-- What is expected --
Transcribe only what runs from the line containing "There are three" through the final line below, exactly, and leave every picture out.

Records to use Start Marker

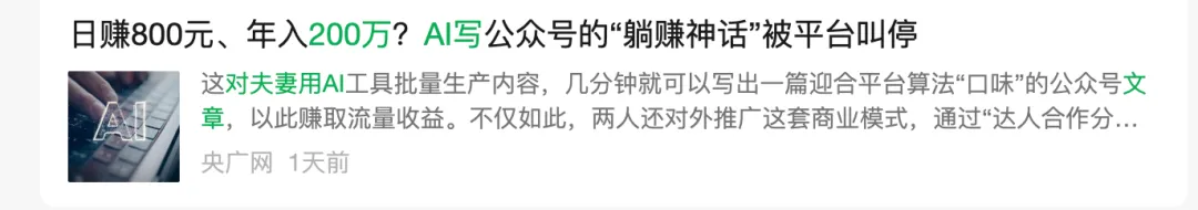 先看那个最大的新闻。一对夫妻用AI写文章,赚了200万。怎么做的呢?5分钟用AI生成一篇文章,一篇能跑出30万阅读,光流量主收入就1000多块。然后注册一堆号,拉亲戚一起养号,批量AI写文挣钱。
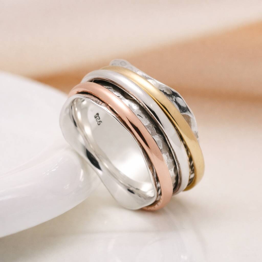 Personalised Sterling Silver, Brass And Copper Triple Spinner Ring – 8mm
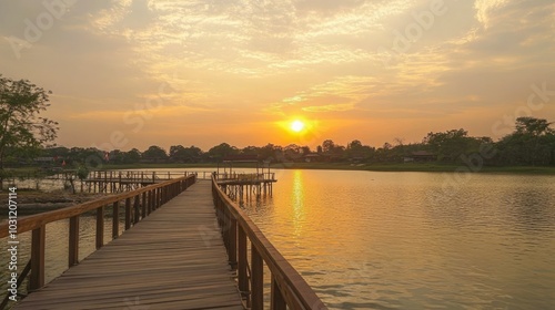© Nuttaya Nampai, Fototapeta premium Sunset Over Tranquil Water with Wooden Walkway
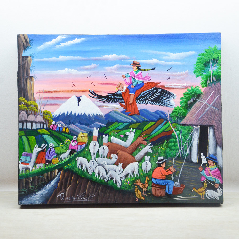 Cada escena representa paisajes vibrantes, episodios de la vida comunitaria y mitologías ancestrales, ejecutadas con una técnica única que ha sido transmitida oralmente por generaciones. Este arte naif combina magical realism con una paleta de colores intensos que reflejan la cosmovisión andina y su profunda conexión con la naturaleza.
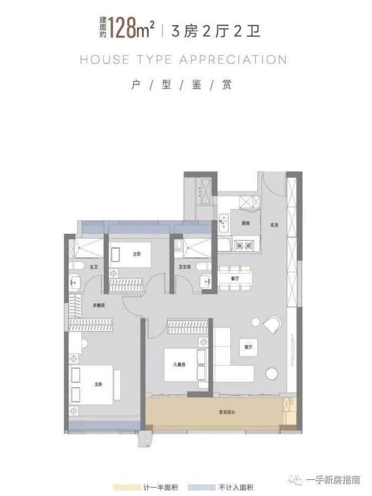 建面约128㎡户型(三房两厅两卫)
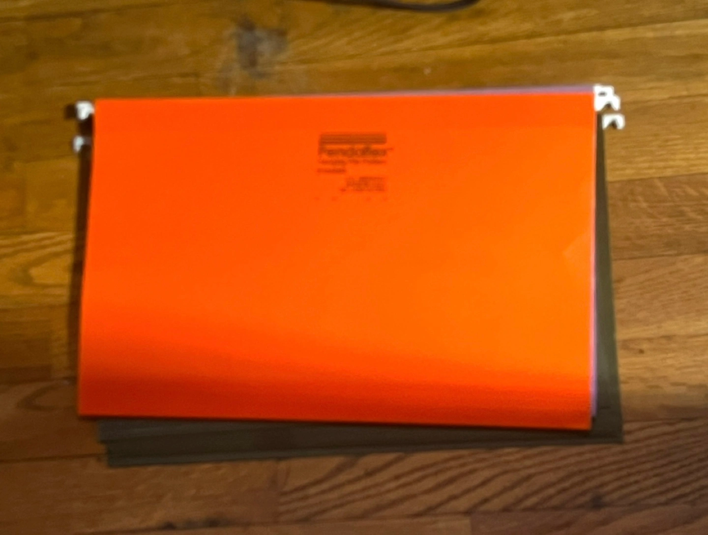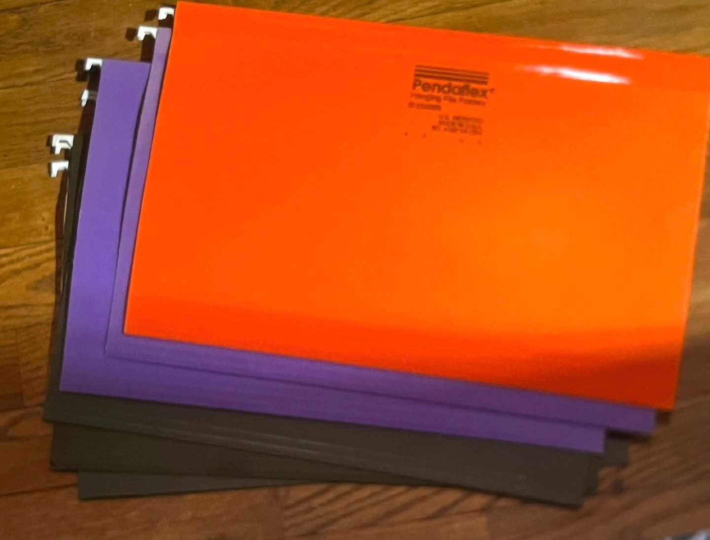 Seven legal length hanging file folders. Colors include one orange, two purple, and four green. Approximately 15” long and 9 1/4 high. Good for organizing documents. Free for pickup on the UWS
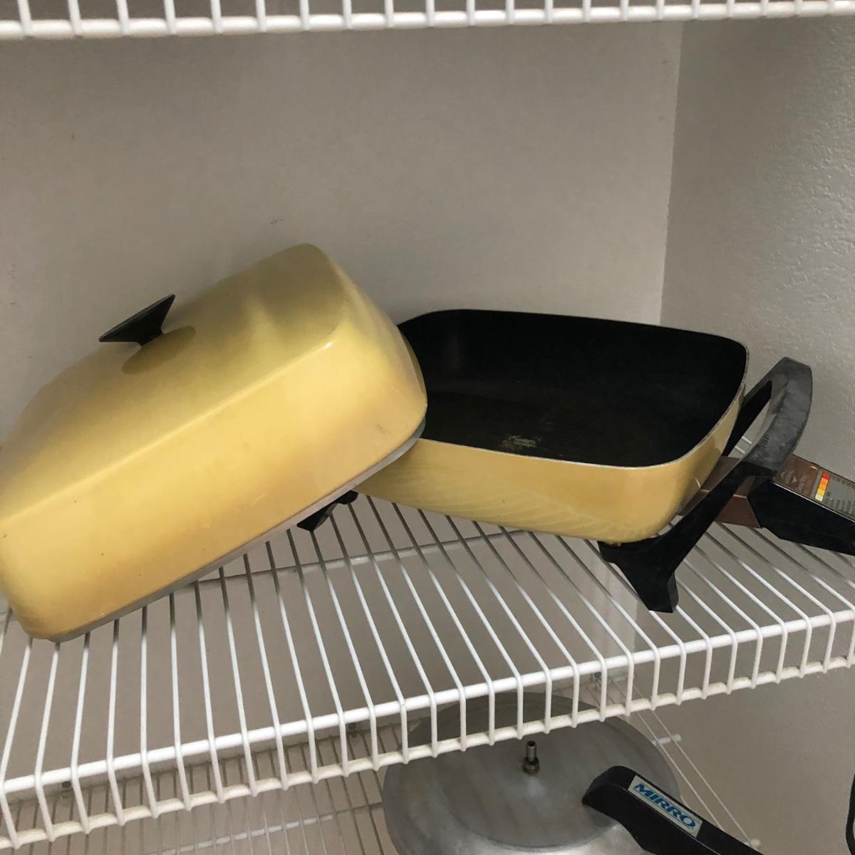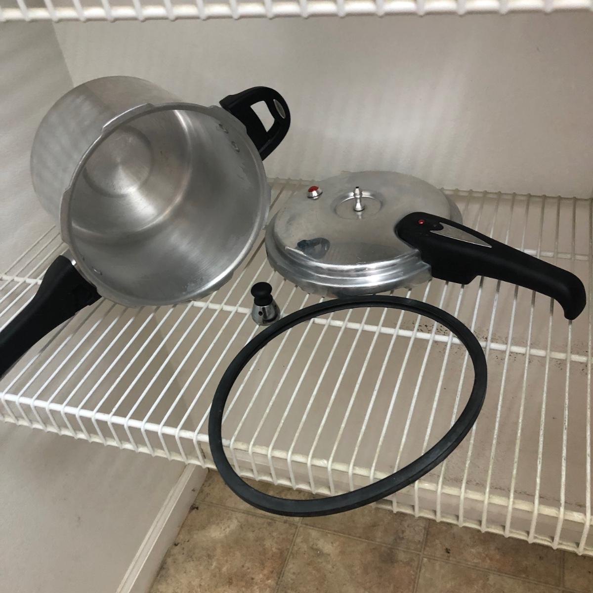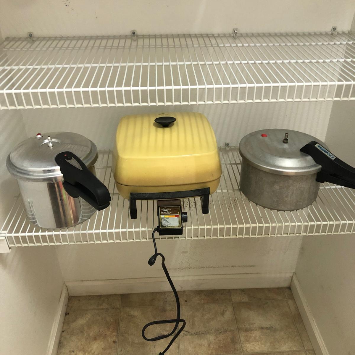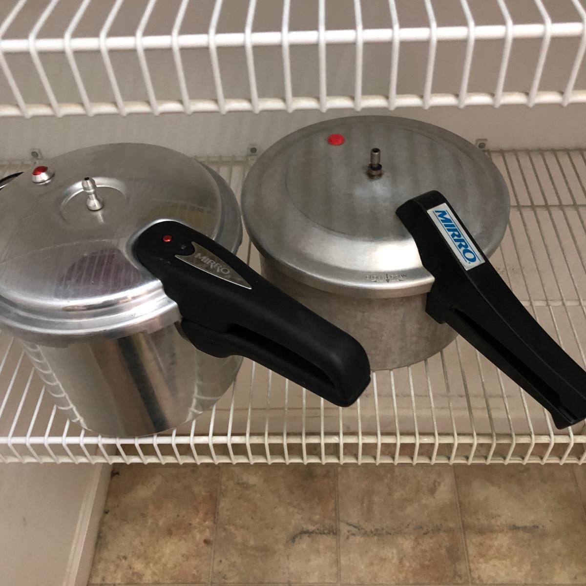 There are three items in this lot: one West Bend covered skillet and two Mirro Pressure Cookers. The West Bend skillet turned on when plugged in. Just the skillet part measures 11” x 11” x 2.5”. The older Mirro pressure cooker is 8.5” in diameter and stands 5” tall. The shiner Mirro pressure cooker is 8” in diameter and stands 6” tall. Shipping Available.
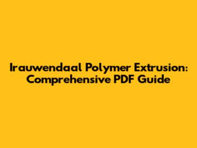 Irauwendaal Polymer Extrusion: Comprehensive PDF Guide
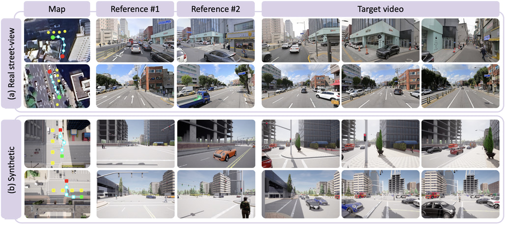 이는 생성해야 할 타겟 영상과 서로 다른 시간대에 촬영된 참조용 스트리트 뷰 이미지를 의도적으로 짝지어 모델을 학습시키는 방식입니다. 시간적 분리를 강제함으로써 모델은 일시적으로 머무는 객체들을 무시하고, 도로망이나 건물 같은 영구적이고 변하지 않는 공간의 기하학적 구조에만 온전히 집중하도록 유도됩니다.
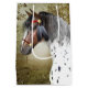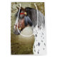 Original digital konst av Jayne Wilson med ett huvudporträtt av en Appaloosa-indianponny i ett rött huvudställ med förgyllda detaljer och fjädrar.

Records to use End Marker

-- Solution to this problem --
 There are three items in this lot: one West Bend covered skillet and two Mirro Pressure Cookers. The West Bend skillet turned on when plugged in. Just the skillet part measures 11” x 11” x 2.5”. The older Mirro pressure cooker is 8.5” in diameter and stands 5” tall. The shiner Mirro pressure cooker is 8” in diameter and stands 6” tall. Shipping Available.
 Irauwendaal Polymer Extrusion: Comprehensive PDF Guide
 이는 생성해야 할 타겟 영상과 서로 다른 시간대에 촬영된 참조용 스트리트 뷰 이미지를 의도적으로 짝지어 모델을 학습시키는 방식입니다. 시간적 분리를 강제함으로써 모델은 일시적으로 머무는 객체들을 무시하고, 도로망이나 건물 같은 영구적이고 변하지 않는 공간의 기하학적 구조에만 온전히 집중하도록 유도됩니다.
 Original digital konst av Jayne Wilson med ett huvudporträtt av en Appaloosa-indianponny i ett rött huvudställ med förgyllda detaljer och fjädrar.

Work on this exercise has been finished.